[DATA FOR THIS TASK — start]

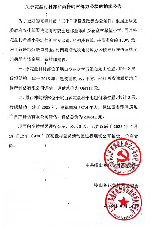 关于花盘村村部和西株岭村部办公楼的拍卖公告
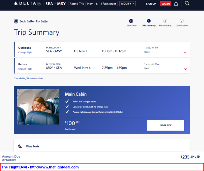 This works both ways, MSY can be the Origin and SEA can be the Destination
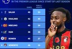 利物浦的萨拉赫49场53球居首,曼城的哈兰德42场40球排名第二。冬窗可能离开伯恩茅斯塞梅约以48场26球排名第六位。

[DATA FOR THIS TASK — finish]
[DATA FOR THIS TASK — start]

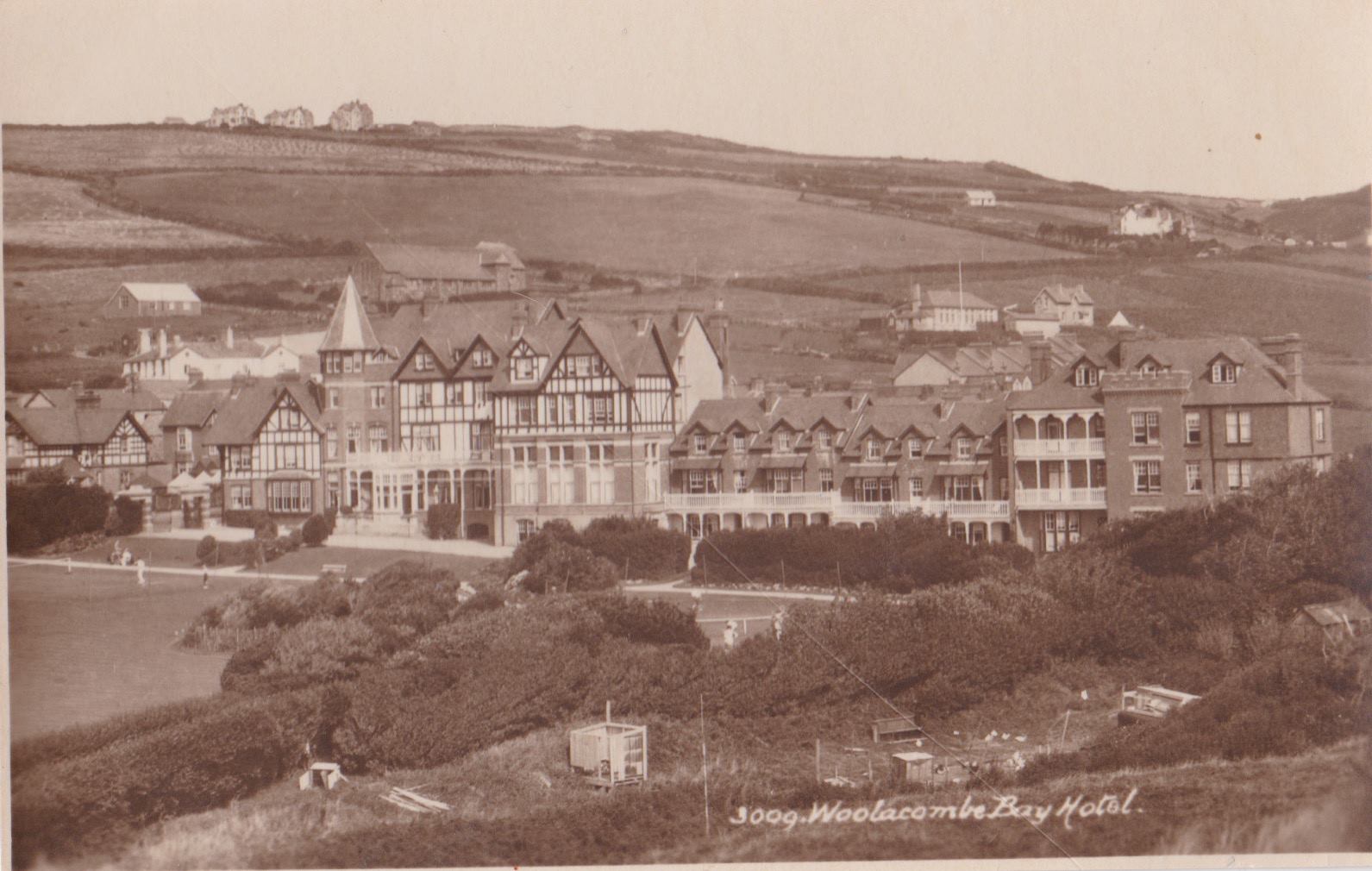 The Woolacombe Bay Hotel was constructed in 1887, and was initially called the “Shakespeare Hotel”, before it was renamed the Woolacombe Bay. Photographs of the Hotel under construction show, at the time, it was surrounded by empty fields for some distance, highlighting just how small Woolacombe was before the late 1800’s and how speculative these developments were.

[DATA FOR THIS TASK — finish]
[DATA FOR THIS TASK — start]

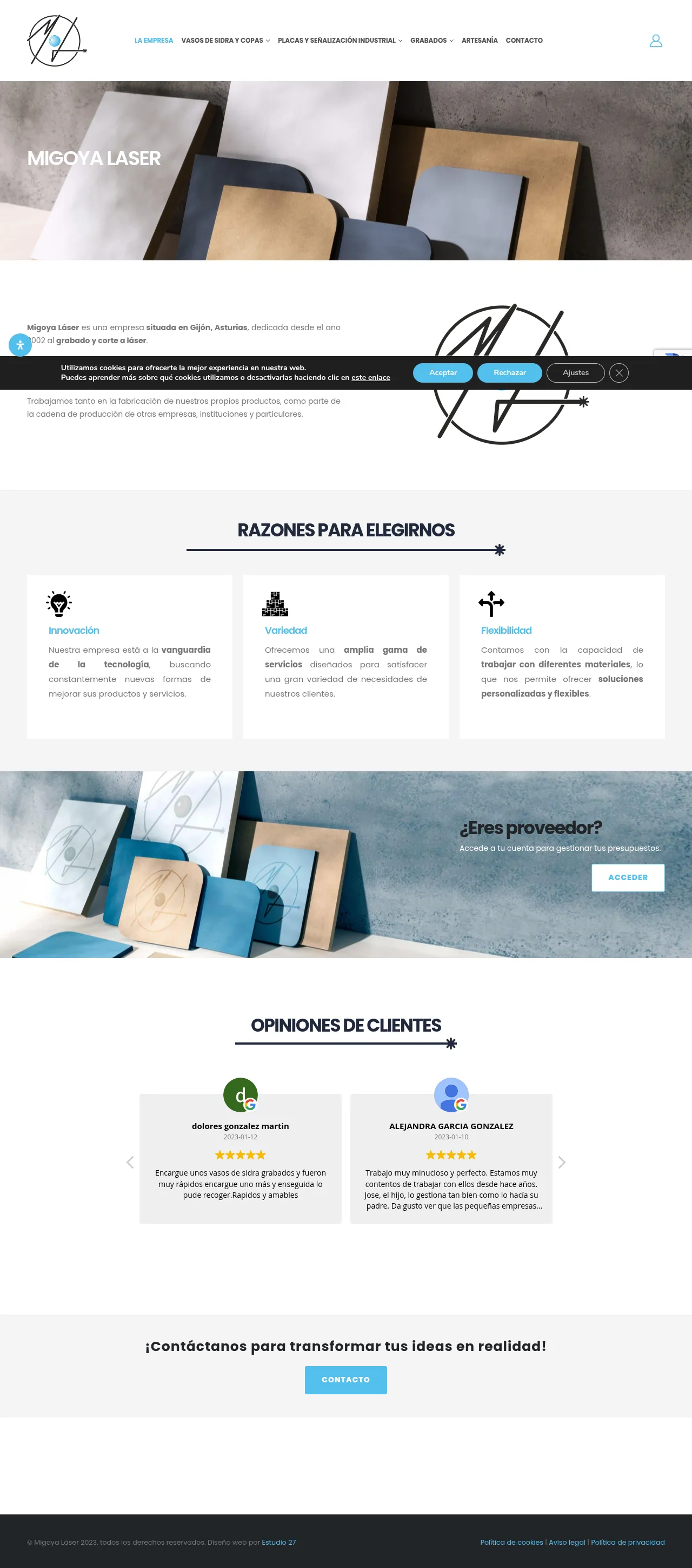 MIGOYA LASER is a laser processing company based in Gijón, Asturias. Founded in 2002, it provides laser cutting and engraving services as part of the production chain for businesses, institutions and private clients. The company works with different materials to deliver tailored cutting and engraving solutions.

[DATA FOR THIS TASK — finish]

### EXERCISE GOAL
Starting at the line with "This works both" in the entries above, write out every line exactly until the line with "利物浦的萨拉赫49场53球居" has been written. Include no pictures and nothing more.

### TASK OUTPUT
 This works both ways, MSY can be the Origin and SEA can be the Destination
 利物浦的萨拉赫49场53球居首,曼城的哈兰德42场40球排名第二。冬窗可能离开伯恩茅斯塞梅约以48场26球排名第六位。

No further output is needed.